Delayed Start | AIChE

Delayed Start

Research Interests

My lab will advance the design and adoption of new, sustainable, and bio-based materials. Biopolymers provide an exciting platform allowing for the precise placement of chemistry; my lab will pursue how the complementary controls of nematic ordering, chirality, and charge can be used to create new biomaterials with novel properties. My research program will entail the concerted use of a full suite of analytical analysis and multiscale simulation techniques that bridge atomic-scale descriptions of chemistry with large, continuum models that can predict material microstructure and properties. An enabling tool of my research group will lie in relative entropy coarse graining, a powerful information theoretic formulation for inverse potential design, and the group will explore other ways in which the tools of information theory and statistical mechanics can be leveraged for materials design.

I have identified three critical research themes that will advance the end-to-end design of biopolymers with novel properties:

  1. Engineering Nematic and Chiral Order in Biopolymers

A distinguishing hallmark of many biopolymers is the ease with which they nematically align and how nature can even control chirality hierarchically over many scales. This research theme addresses how custom functionalization of biopolymers modifies their natural self-assembling behavior.

Impact: Using all atom simulations and relative entropy coarse graining we will quantify how varying functionalizations of biopolymer scaffolds impact their propensity to form ordered structures.
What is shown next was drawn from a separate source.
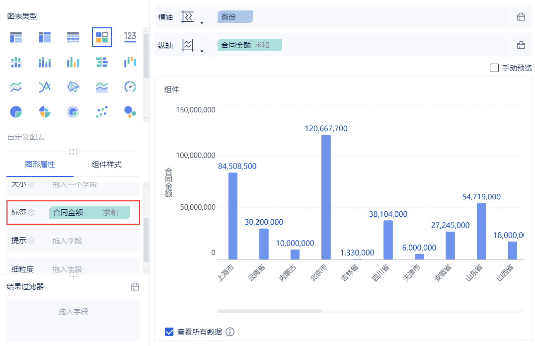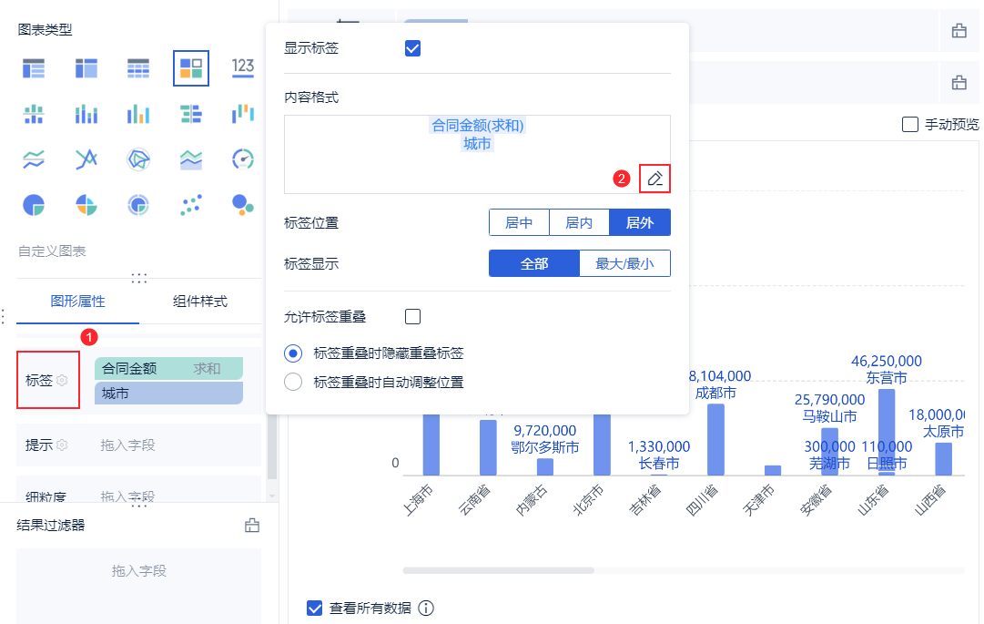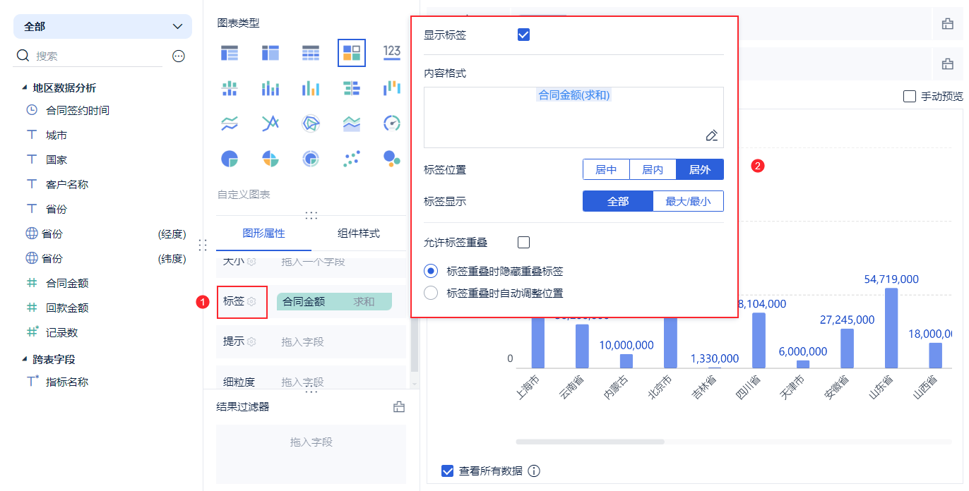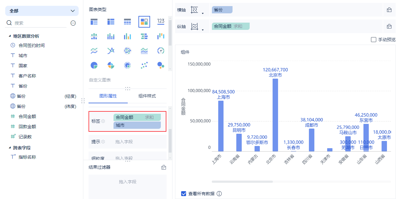 2)在「图形属性」下,点开「合同金额」字段,添加标签。如下图所示:
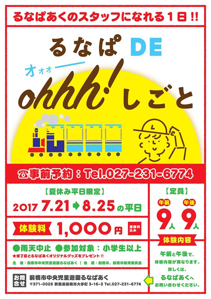 にっぽんいちなつかしいゆうえんちでお仕事体験ができます! 開催日時は7月21日(金)~ 8月25日(金) 夏休みの思い出作りにいかがですか? 事前予約制なので早めに行動を!!! 詳しい情報は公式ホームページでcheck! http://lunapark-maebashi.com/info.php?y=2017&m=06&i=60

This will enhance our ability to rationally transform bio-sourced polymer feedstocks and scaffolds into materials with desired performance characteristics.

  1. Sequence Effects and Interplay of Nematicity and Chirality in Charged Polymeric Systems

Solid phase synthesis means we are now able to precisely pattern chemical functionality into polymers. When do nematicity and chirality enhance charge interactions and vice versa? How might nematicity and chirality modify mechanical properties of charged polymers?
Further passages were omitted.